From the first line to the last, copy the listing exactly and omit the images.

*** Block opens ***

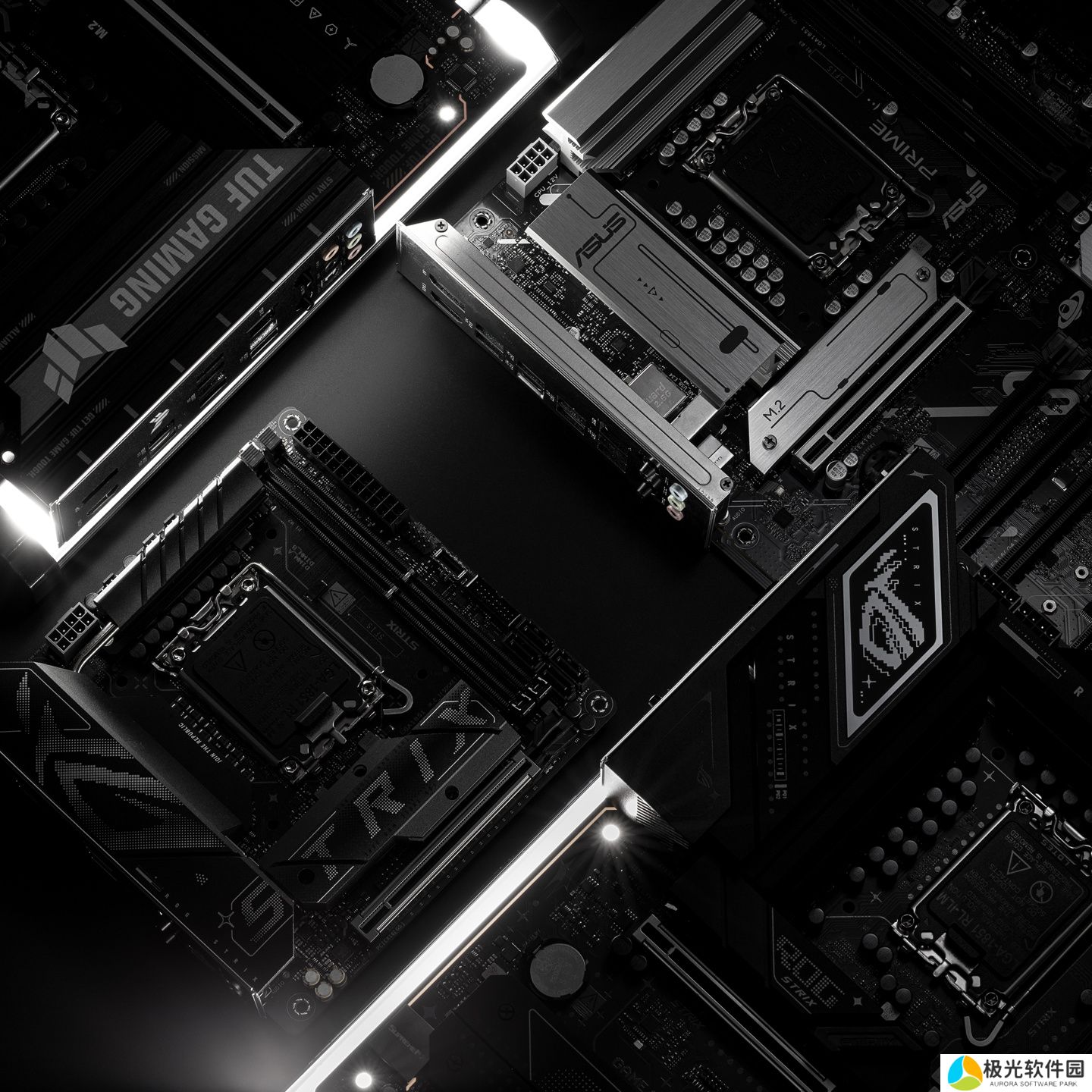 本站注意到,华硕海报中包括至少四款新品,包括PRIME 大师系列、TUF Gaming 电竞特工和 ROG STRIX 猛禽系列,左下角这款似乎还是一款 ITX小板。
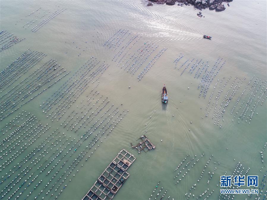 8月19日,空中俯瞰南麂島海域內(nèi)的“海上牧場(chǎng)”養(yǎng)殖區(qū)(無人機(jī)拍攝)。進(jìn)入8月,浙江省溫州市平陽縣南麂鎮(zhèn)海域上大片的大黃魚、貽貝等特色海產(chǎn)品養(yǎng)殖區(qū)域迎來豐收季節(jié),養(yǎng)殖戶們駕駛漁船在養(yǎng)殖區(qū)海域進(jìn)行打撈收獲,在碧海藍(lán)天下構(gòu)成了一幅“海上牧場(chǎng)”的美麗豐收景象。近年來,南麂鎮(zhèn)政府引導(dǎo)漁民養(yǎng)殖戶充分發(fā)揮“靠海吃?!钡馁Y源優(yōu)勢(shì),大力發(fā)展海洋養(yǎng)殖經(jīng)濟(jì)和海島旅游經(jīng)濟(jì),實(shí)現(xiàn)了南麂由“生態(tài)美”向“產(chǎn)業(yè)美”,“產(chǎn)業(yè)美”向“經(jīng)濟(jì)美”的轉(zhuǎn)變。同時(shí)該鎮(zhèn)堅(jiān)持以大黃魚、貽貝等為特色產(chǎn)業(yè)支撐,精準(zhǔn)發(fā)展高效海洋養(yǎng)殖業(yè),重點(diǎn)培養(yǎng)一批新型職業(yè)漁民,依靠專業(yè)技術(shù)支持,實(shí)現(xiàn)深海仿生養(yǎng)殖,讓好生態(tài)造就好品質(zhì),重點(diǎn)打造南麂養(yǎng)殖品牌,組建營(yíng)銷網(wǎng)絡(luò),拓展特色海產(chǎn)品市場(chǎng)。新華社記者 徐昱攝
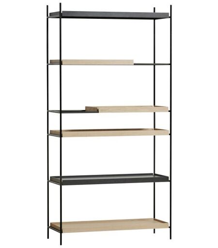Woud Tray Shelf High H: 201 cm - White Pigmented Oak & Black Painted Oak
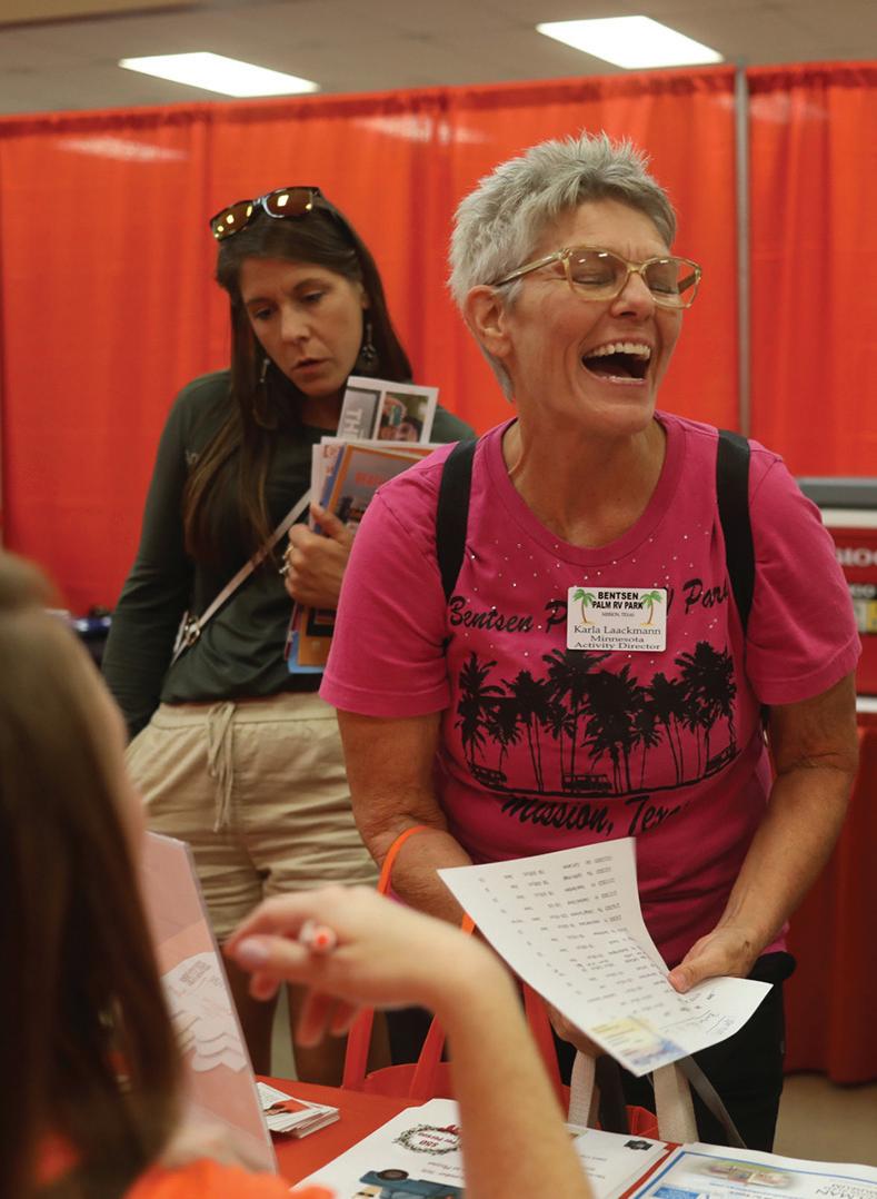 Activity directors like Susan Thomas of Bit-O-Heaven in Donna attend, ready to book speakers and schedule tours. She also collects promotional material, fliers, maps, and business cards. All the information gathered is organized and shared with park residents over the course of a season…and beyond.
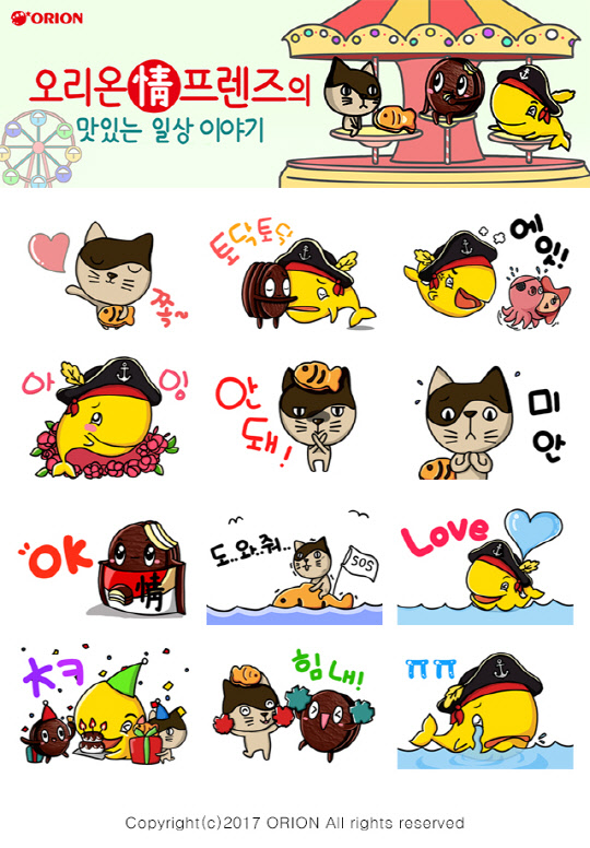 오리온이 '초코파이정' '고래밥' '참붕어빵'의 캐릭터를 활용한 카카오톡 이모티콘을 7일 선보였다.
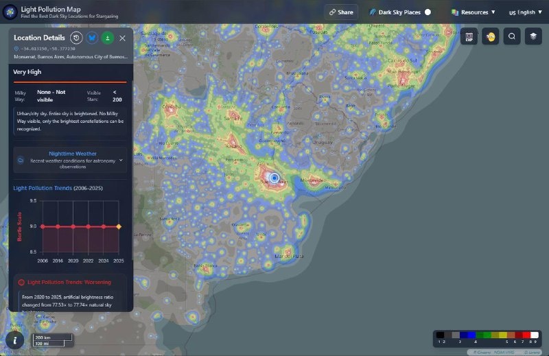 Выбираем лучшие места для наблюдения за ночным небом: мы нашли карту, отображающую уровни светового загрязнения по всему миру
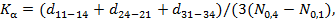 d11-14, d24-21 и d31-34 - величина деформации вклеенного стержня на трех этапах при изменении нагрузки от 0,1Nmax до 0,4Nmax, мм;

*** Block closes ***

▶ Reply
 本站注意到,华硕海报中包括至少四款新品,包括PRIME 大师系列、TUF Gaming 电竞特工和 ROG STRIX 猛禽系列,左下角这款似乎还是一款 ITX小板。
 8月19日,空中俯瞰南麂島海域內(nèi)的“海上牧場(chǎng)”養(yǎng)殖區(qū)(無人機(jī)拍攝)。進(jìn)入8月,浙江省溫州市平陽縣南麂鎮(zhèn)海域上大片的大黃魚、貽貝等特色海產(chǎn)品養(yǎng)殖區(qū)域迎來豐收季節(jié),養(yǎng)殖戶們駕駛漁船在養(yǎng)殖區(qū)海域進(jìn)行打撈收獲,在碧海藍(lán)天下構(gòu)成了一幅“海上牧場(chǎng)”的美麗豐收景象。近年來,南麂鎮(zhèn)政府引導(dǎo)漁民養(yǎng)殖戶充分發(fā)揮“靠海吃?!钡馁Y源優(yōu)勢(shì),大力發(fā)展海洋養(yǎng)殖經(jīng)濟(jì)和海島旅游經(jīng)濟(jì),實(shí)現(xiàn)了南麂由“生態(tài)美”向“產(chǎn)業(yè)美”,“產(chǎn)業(yè)美”向“經(jīng)濟(jì)美”的轉(zhuǎn)變。同時(shí)該鎮(zhèn)堅(jiān)持以大黃魚、貽貝等為特色產(chǎn)業(yè)支撐,精準(zhǔn)發(fā)展高效海洋養(yǎng)殖業(yè),重點(diǎn)培養(yǎng)一批新型職業(yè)漁民,依靠專業(yè)技術(shù)支持,實(shí)現(xiàn)深海仿生養(yǎng)殖,讓好生態(tài)造就好品質(zhì),重點(diǎn)打造南麂養(yǎng)殖品牌,組建營(yíng)銷網(wǎng)絡(luò),拓展特色海產(chǎn)品市場(chǎng)。新華社記者 徐昱攝
Woud Tray Shelf High H: 201 cm - White Pigmented Oak & Black Painted Oak
 Activity directors like Susan Thomas of Bit-O-Heaven in Donna attend, ready to book speakers and schedule tours. She also collects promotional material, fliers, maps, and business cards. All the information gathered is organized and shared with park residents over the course of a season…and beyond.
 오리온이 '초코파이정' '고래밥' '참붕어빵'의 캐릭터를 활용한 카카오톡 이모티콘을 7일 선보였다.
 Выбираем лучшие места для наблюдения за ночным небом: мы нашли карту, отображающую уровни светового загрязнения по всему миру
 d11-14, d24-21 и d31-34 - величина деформации вклеенного стержня на трех этапах при изменении нагрузки от 0,1Nmax до 0,4Nmax, мм;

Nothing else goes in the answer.